Of all the entries below, only the lines from the one with "今日の献立は、「フランクフル" up to and including the one with "Комплект одежды для" are to be duplicated exactly.

- DATA FOR THIS TASK:

**********

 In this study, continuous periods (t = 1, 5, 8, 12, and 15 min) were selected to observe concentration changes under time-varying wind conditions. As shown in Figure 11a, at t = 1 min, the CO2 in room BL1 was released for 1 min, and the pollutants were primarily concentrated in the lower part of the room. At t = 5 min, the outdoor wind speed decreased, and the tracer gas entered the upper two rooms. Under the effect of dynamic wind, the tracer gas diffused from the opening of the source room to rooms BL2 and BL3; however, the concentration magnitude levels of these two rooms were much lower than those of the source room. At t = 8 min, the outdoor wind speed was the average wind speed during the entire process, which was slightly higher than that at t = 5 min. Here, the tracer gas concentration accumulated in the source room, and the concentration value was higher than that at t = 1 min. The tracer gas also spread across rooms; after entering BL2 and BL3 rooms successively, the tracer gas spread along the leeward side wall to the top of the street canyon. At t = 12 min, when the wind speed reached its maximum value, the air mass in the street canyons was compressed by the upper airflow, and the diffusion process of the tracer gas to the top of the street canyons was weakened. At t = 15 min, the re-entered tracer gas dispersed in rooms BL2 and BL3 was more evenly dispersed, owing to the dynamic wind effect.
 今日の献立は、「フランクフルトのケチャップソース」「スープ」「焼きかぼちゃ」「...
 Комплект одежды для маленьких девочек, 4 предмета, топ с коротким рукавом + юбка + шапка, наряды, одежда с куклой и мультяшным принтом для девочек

**********

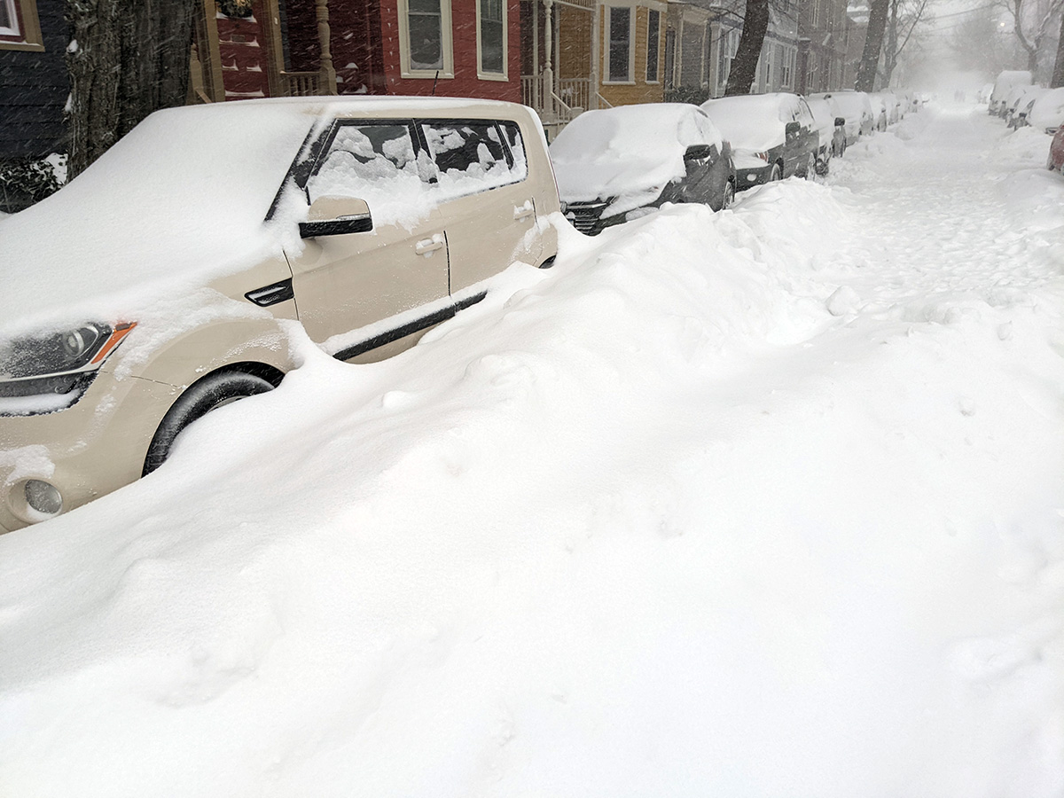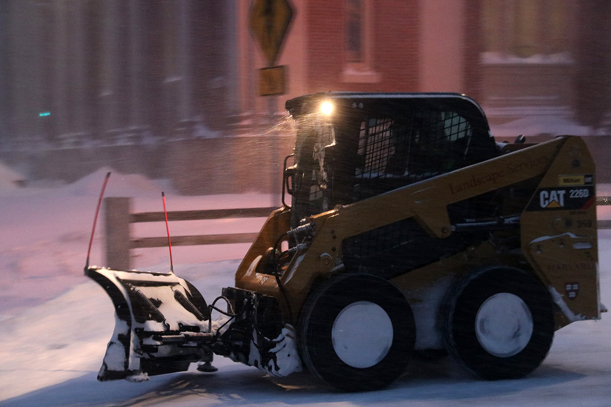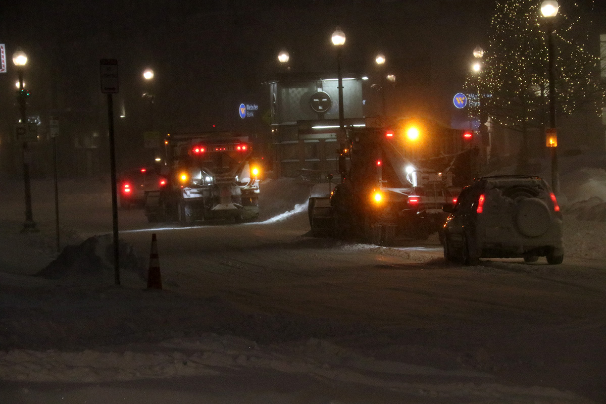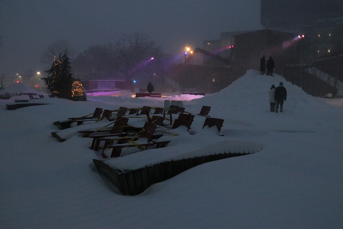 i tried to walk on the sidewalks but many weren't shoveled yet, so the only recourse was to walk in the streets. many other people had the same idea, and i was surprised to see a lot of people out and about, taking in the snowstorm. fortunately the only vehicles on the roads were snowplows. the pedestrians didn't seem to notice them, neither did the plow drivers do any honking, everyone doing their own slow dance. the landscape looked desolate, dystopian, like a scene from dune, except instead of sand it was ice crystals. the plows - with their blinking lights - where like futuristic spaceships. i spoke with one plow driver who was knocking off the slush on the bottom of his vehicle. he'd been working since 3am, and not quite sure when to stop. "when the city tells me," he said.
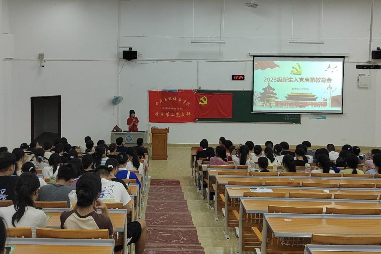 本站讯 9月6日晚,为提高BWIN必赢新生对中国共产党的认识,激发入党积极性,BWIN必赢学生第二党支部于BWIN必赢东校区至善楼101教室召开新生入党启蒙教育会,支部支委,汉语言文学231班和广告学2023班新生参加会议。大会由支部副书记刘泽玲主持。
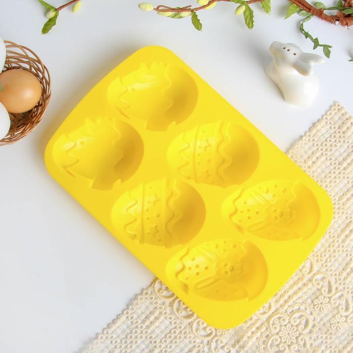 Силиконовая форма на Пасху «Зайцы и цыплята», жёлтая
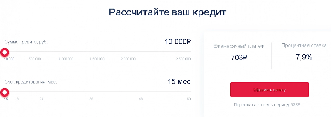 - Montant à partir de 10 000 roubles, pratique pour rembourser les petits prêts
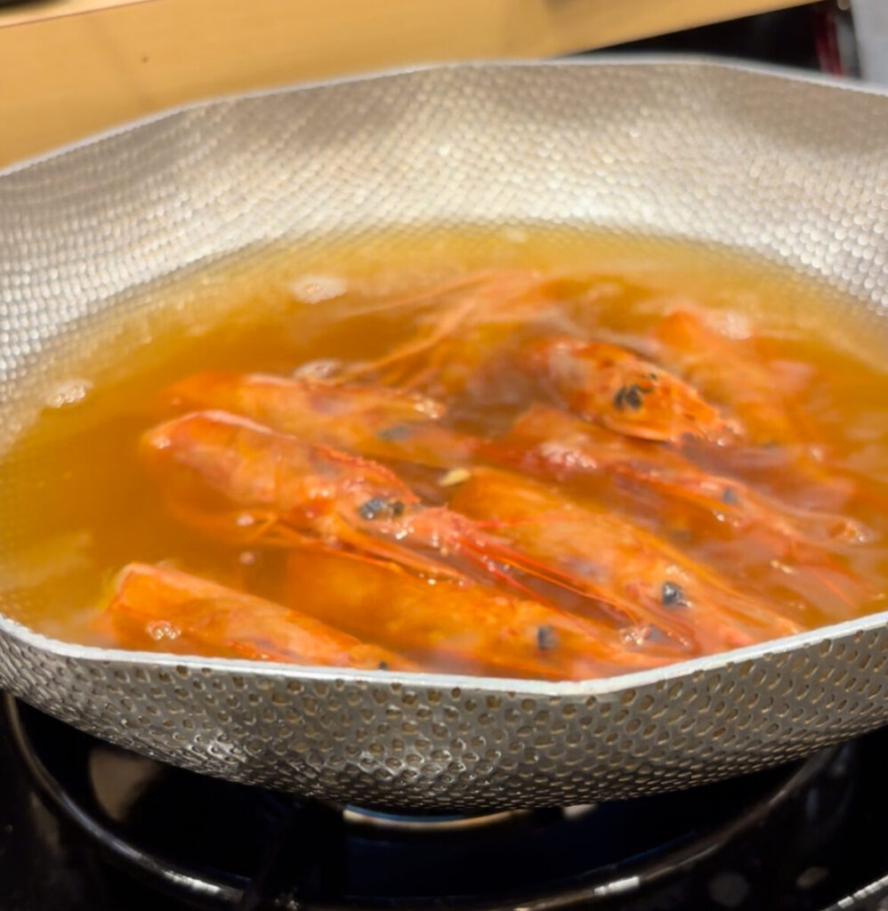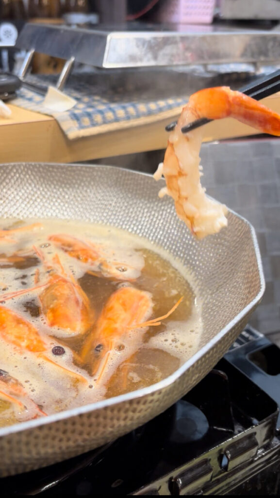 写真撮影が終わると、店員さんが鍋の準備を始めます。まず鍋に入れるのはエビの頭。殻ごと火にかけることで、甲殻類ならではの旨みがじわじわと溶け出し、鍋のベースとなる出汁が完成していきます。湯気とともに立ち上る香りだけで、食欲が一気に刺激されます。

**********

- RESPONSE TO THE TASK:
 今日の献立は、「フランクフルトのケチャップソース」「スープ」「焼きかぼちゃ」「...
 Комплект одежды для маленьких девочек, 4 предмета, топ с коротким рукавом + юбка + шапка, наряды, одежда с куклой и мультяшным принтом для девочек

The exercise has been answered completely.